A Discourse Analysis of AI Narratives in Spanish Speakers' Social Media Platforms
DOI:
https://doi.org/10.34190/ecsm.12.1.3686Keywords:
Artificial Intelligence in Social Media, News, Discourses Critical Discourse Analysis, Media Framing, Geopolitics, X.com/TwitterAbstract
This study examines how international news outlets frame artificial intelligence (AI) discussions on social media in Spanish-speaking Latin America, highlighting social media's role in shaping perceptions and attitudes. Fuchs (2024:35) conceptualises social media as techno-social systems in which information and communication technologies enable and constrain human activities that create knowledge produced, distributed, and consumed in a dynamic and reflexive process that connects technological structures and human agency.
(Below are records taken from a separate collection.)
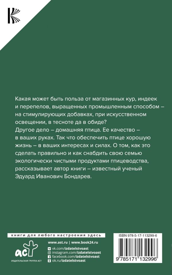 Другое дело - домашняя птица. Ее качество - в ваших руках. Так что обеспечить птице хорошую жизнь - в ваших интересах и силах. О том, как это сделать правильно и как снабдить свою семью экологически чистыми продуктами птицеводства, рассказывает автор книги - известный ученый Эдуард Иванович Бондарев.
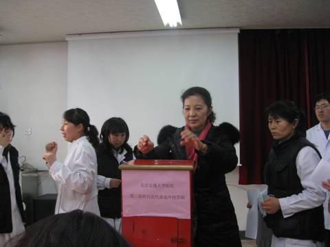 在校工会指导、院直属党支部领导下,我院职工代表大会换届选举全院职工大会于2011年12月27日在门诊楼三层会议室召开,75位职工参会。经与会职工无记名投票直接差额选举,25位职工当选医院第二届职工代表大会代表。代表构成充分考虑了科室覆盖面,5位非事业编制职工首次被选举为医院职代会代表。
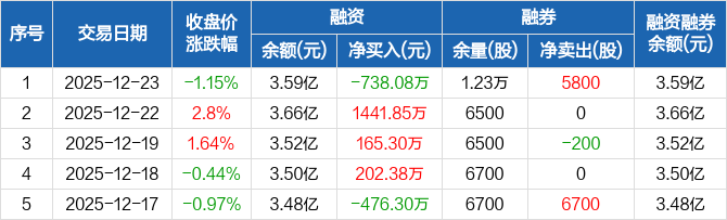 香溢融通:融资净偿还738.08万元,融资余额3.59亿元(12-23)

The paper centres on how discourses in social media are communicated to audiences when content about AI is distributed on those platforms, looking at the narratives embedded in those posts. This exploratory research uses critical discourse analysis to analyse how selected regional outlets address AI outside the Global North. It focuses on how news stories are published on the X.com (formerly known as Twitter) accounts of CNN Español, BBC Mundo, Infobae, and Telesur, two outlets coming from the Global North and two outlets originating in the Global South. Despite the growing popularity of platforms like TikTok and Instagram, X.com still fulfils the role of the digital public sphere, where it remains a popular social media application in Latin America with 57.5 million users (Statista, 2024). Using Norman Fairclough's three-dimensional model of critical discourse analysis, textual analysis, discourse practice, and social practice, the initial results of over 300 tweets found that AI is often framed using metaphors of competition and transformation, portraying it as a geopolitical contest and an unstoppable societal force. AI is also personified with human-like qualities, which can obscure the human and corporate influences behind its development. In addition, the study highlights distinctive patterns in how AI content is produced and consumed across social media platforms, where it uses expert opinions to legitimise its content. Finally, it reflects on how the editorial approaches of the selected outlets demonstrate how institutional ideologies and power structures influence the framing of AI. These findings contribute to the knowledge about journalism discourses and AI from the perspective of the Global South.